#### Action item
Could you please reproduce all the records below exactly, leaving out the images?
═════ Source data
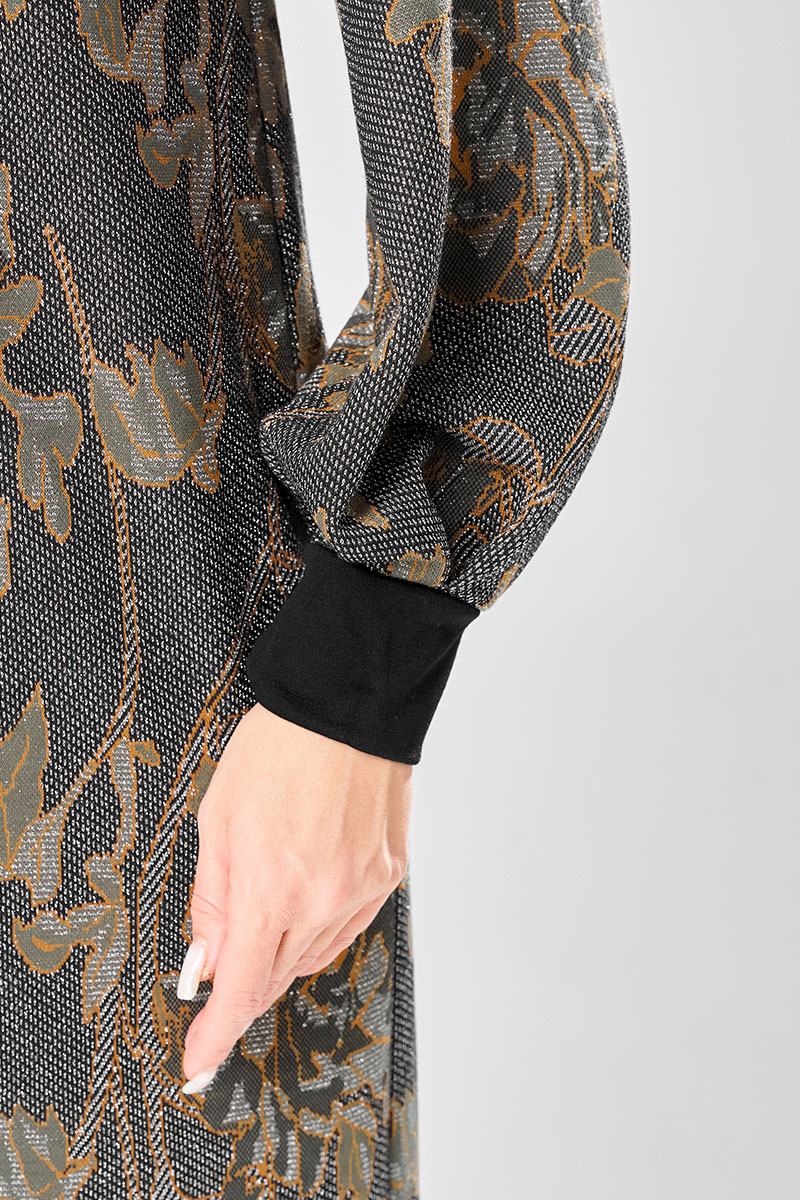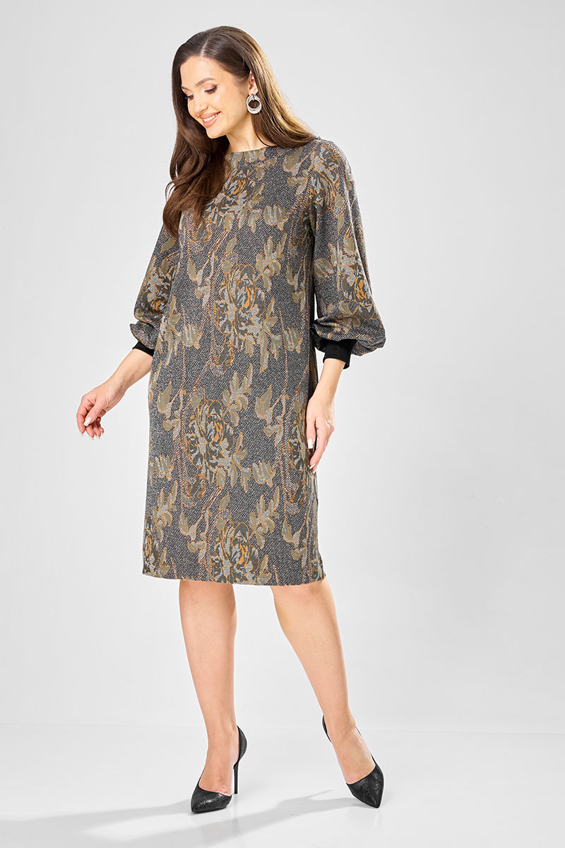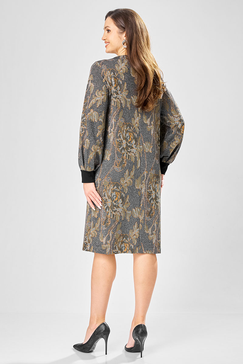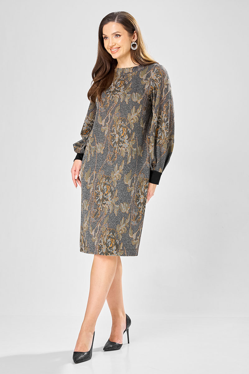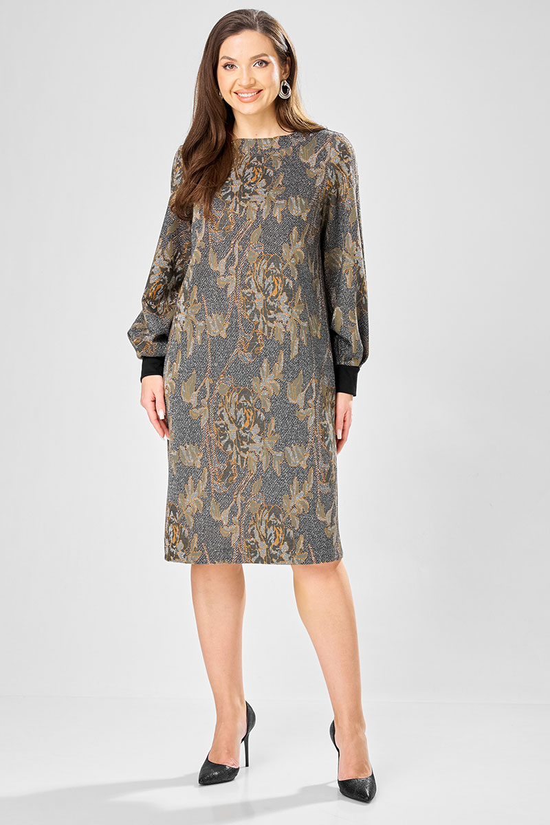 Платье прямого силуэта из плотного трикотажного полотна с рисунком. Перед с нагрудными вытачками. Спинка со средним швом. Горловина лодочкой обработана планкой. Рукав одношовный втачной по низу со складками собранными на манжету. В боковом шве карман.
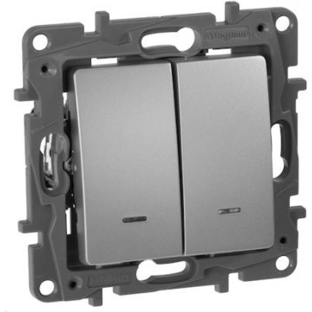 • 672416 Выключатель/переключатель двухклавишный с подсветкой - Etika - 10 A - 250 В~ - алюминий Legrand
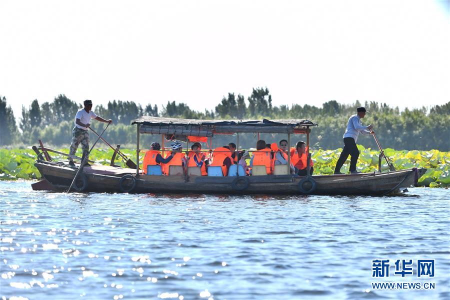 10月1日,游客乘船游览白洋淀景区。 当日是国庆长假第一天,河北雄安新区境内的白洋淀景区秋色宜人,吸引不少游客前来游玩。 新华社记者 李鑫 摄
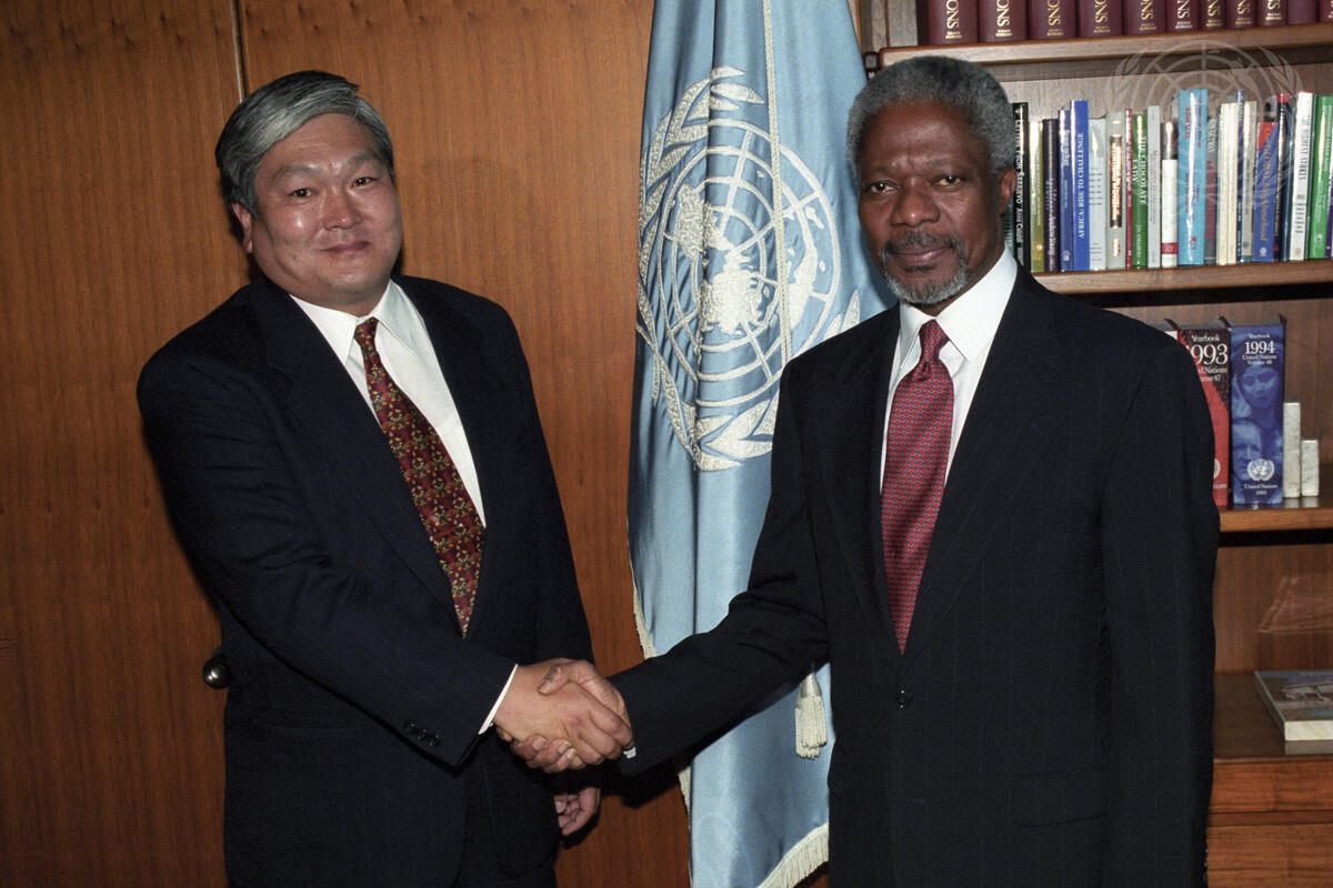 Secretary-General Kofi Annan (right) meets with Shukheriin Altangerel, Foreign Minister of Mongolia.
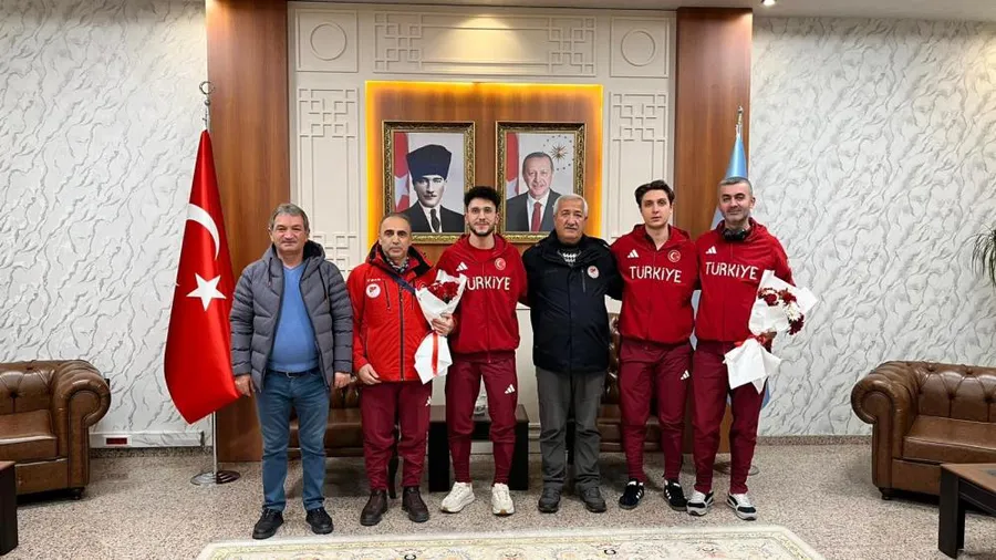 Milli sporcu Furkan Akar çiçeklerle karşılandı
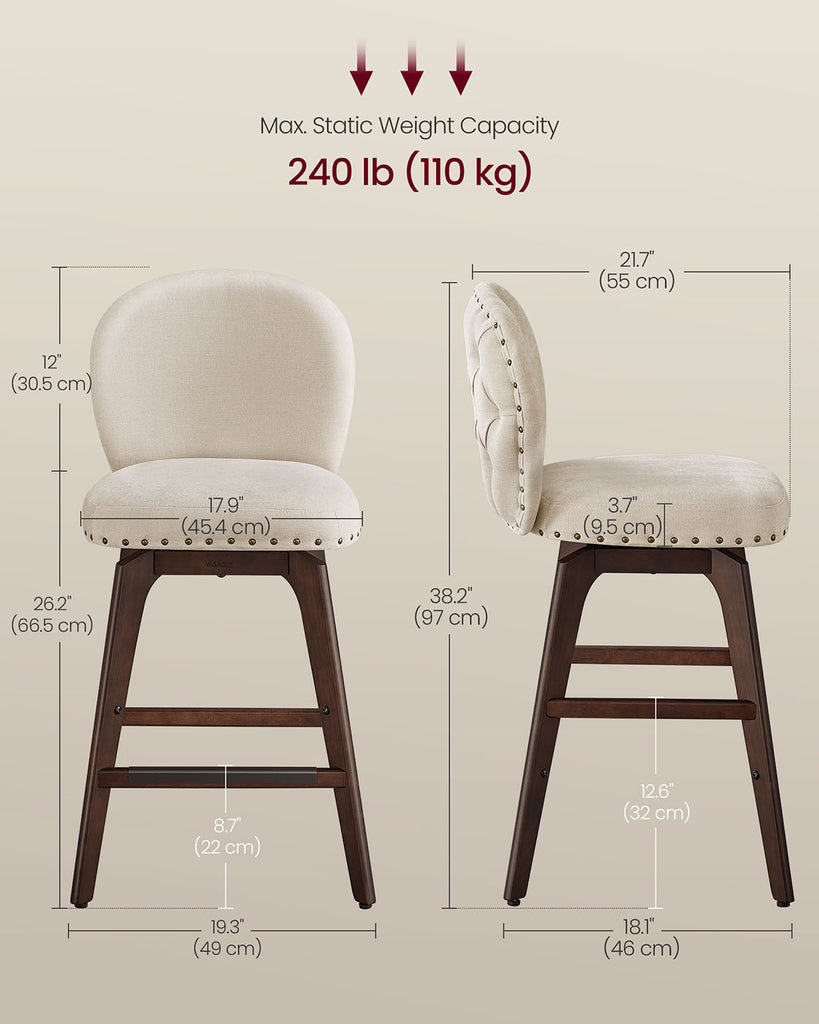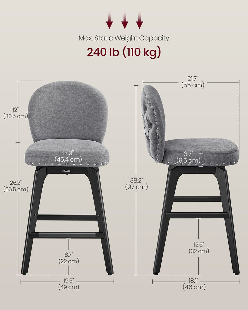 Max. Static Weight Capacity per Chair: 240 lb (110 kg)
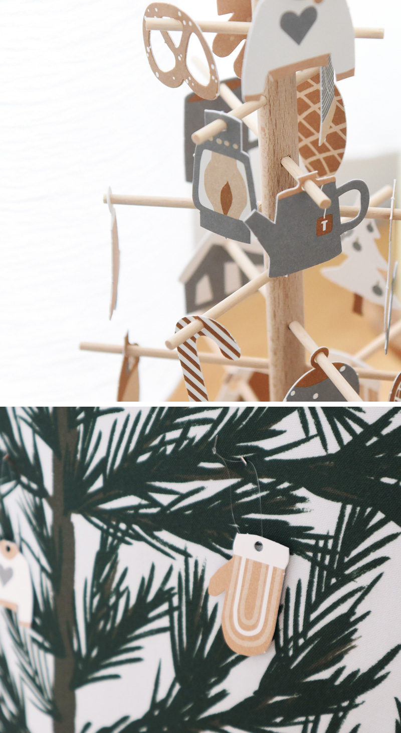 12月1日からクリスマスまでの毎日を楽しむ、北欧の空気感を纏ったアドベントツリーです。
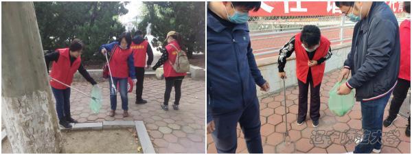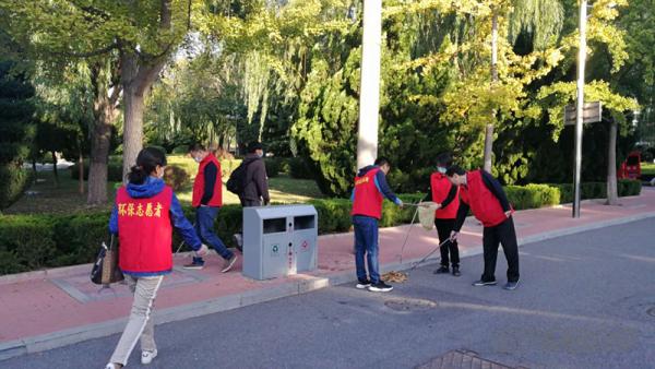 为深入贯彻落实习近平总书记关于新时代爱国卫生运动系列重要讲话精神,以“开展爱国卫生运动,助力 传染病疫情防控,人人有责,人人负责,人人尽责”为宗旨,学院党委组织全体师生党员参加“践行志愿服务理念、争做校园环保先锋”主题实践活动,从10月12日至29日,每周周一至周四早上七点,师生党员分组清理校园南北院的主干道垃圾。
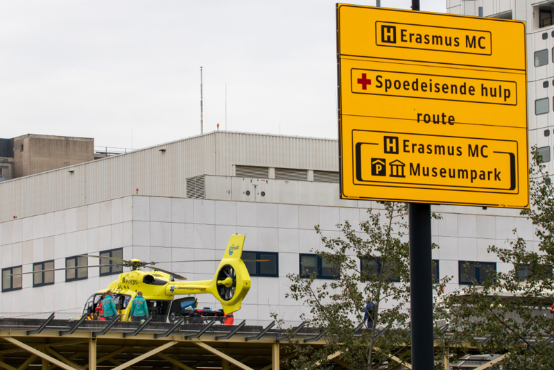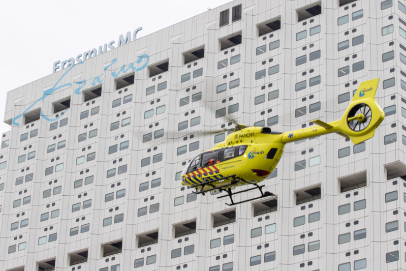 Rotterdam – De Coronahelikopter tijdelijk ook wel de Lifeliner 5 genoemd heeft vanmiddag zijn eerst patient overgevlogen van het Erasmus MC in Rotterdam naar een ander ziekenhuis
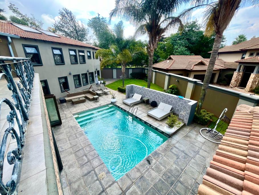 Step outside, and youll be greeted by an impressive outdoor entertainment area featuring a sparkling heated swimming pool. The lush, well-maintained gardens are complemented by auto irrigation and a borehole, ensuring beauty and sustainability. Perfect for those who love to entertain outdoors or simply enjoy a relaxing afternoon by the pool, this space is designed for comfort and relaxation. The entertainement area links in seamlesly to the home and large patio
══════════
#### Answer box
 Платье прямого силуэта из плотного трикотажного полотна с рисунком. Перед с нагрудными вытачками. Спинка со средним швом. Горловина лодочкой обработана планкой. Рукав одношовный втачной по низу со складками собранными на манжету. В боковом шве карман.
 • 672416 Выключатель/переключатель двухклавишный с подсветкой - Etika - 10 A - 250 В~ - алюминий Legrand
 10月1日,游客乘船游览白洋淀景区。 当日是国庆长假第一天,河北雄安新区境内的白洋淀景区秋色宜人,吸引不少游客前来游玩。 新华社记者 李鑫 摄
 Secretary-General Kofi Annan (right) meets with Shukheriin Altangerel, Foreign Minister of Mongolia.
 Milli sporcu Furkan Akar çiçeklerle karşılandı
 Max. Static Weight Capacity per Chair: 240 lb (110 kg)
 12月1日からクリスマスまでの毎日を楽しむ、北欧の空気感を纏ったアドベントツリーです。
 为深入贯彻落实习近平总书记关于新时代爱国卫生运动系列重要讲话精神,以“开展爱国卫生运动,助力 传染病疫情防控,人人有责,人人负责,人人尽责”为宗旨,学院党委组织全体师生党员参加“践行志愿服务理念、争做校园环保先锋”主题实践活动,从10月12日至29日,每周周一至周四早上七点,师生党员分组清理校园南北院的主干道垃圾。
 Rotterdam – De Coronahelikopter tijdelijk ook wel de Lifeliner 5 genoemd heeft vanmiddag zijn eerst patient overgevlogen van het Erasmus MC in Rotterdam naar een ander ziekenhuis
 Step outside, and youll be greeted by an impressive outdoor entertainment area featuring a sparkling heated swimming pool. The lush, well-maintained gardens are complemented by auto irrigation and a borehole, ensuring beauty and sustainability. Perfect for those who love to entertain outdoors or simply enjoy a relaxing afternoon by the pool, this space is designed for comfort and relaxation. The entertainement area links in seamlesly to the home and large patio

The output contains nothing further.